After posting it on my Instagram, fans and many of the people I worked with gave out so much love and support, as I didn't think I would get any of it.

And many wrestlers, who were close to my dad, were very touched by my tribute, as they were:

@iamjericho

"Sweet tribute, Junior! Happy birthday🤘"

@themarkhenry

"Happy birthday, Owen Jr. RIP Owen Sr ❤️"

@undertaker

"Love it, man. Much love to you and your family. Happy birthday."

@realmickfoley

"Happy birthday, Owen. And may your dad rest in peace"

@natbynature

"Happy birthday, my cousin. RIP Owen Hart Sr 💗💕💓"

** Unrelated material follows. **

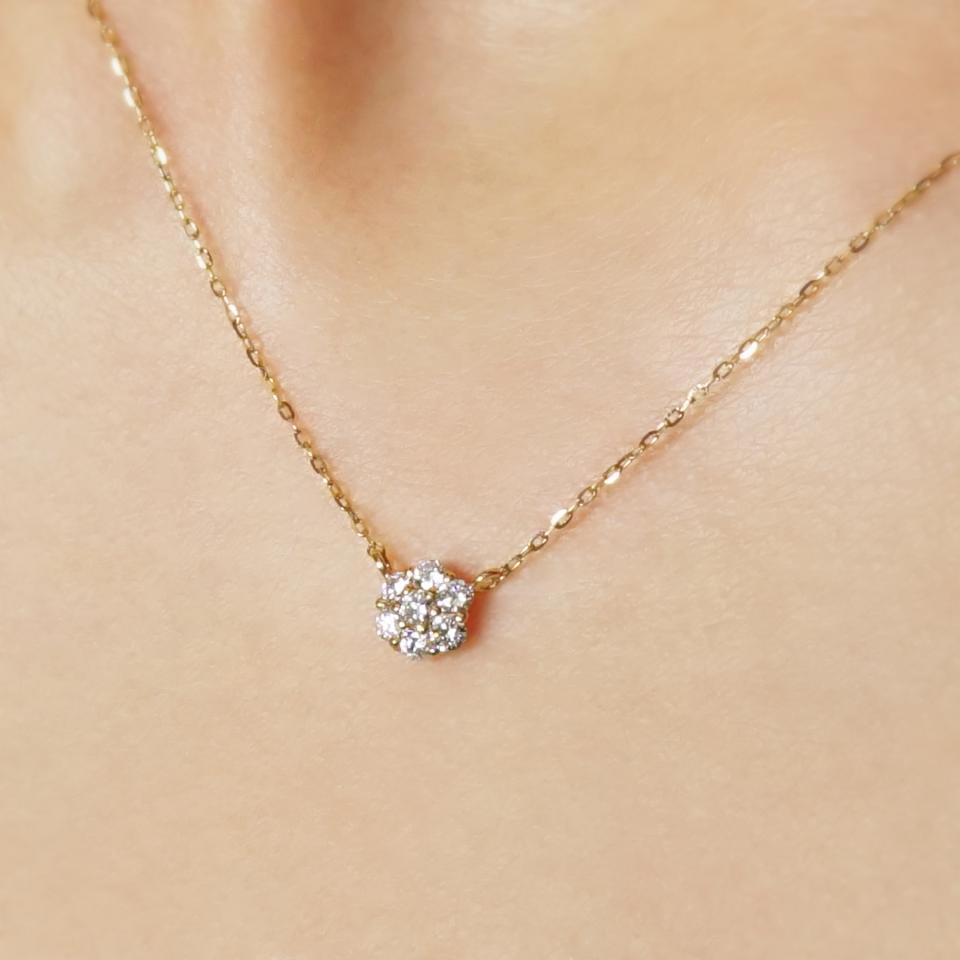 7石のダイヤモンドが模る可憐な小花のネックレス。

Then, I saw my mom's reply to my tribute, as she said...

@MarthaH1989

"I love you, son, and I know dad is so proud of the man you have become. Happy birthday, Owen Jr, and treat her good. You hear me?"

I replied with...

@OwenHartJr

"I will. And I love you too mom❤️😭"

I knew she would want me to reply to her so that was my way of doing it.

I love my dad, but I'm so sad that was taken away so soon, FUCK! I mean, my brother, sister, and myself had lost out on growing up with him and my dad helping me with my career and supporting me, but I know for a fact that he's proud of what I've done so far.

After a while, I felt something on my arm, as it turned out to be Kaori, who looked at me with a sad smile, holding my arm and laying her head on my pec as well.

She really comforted me with this and I can't feel more grateful to her to stand by me. I love her so much.

I love you, dad. Rest in peace, and happy birthday to me.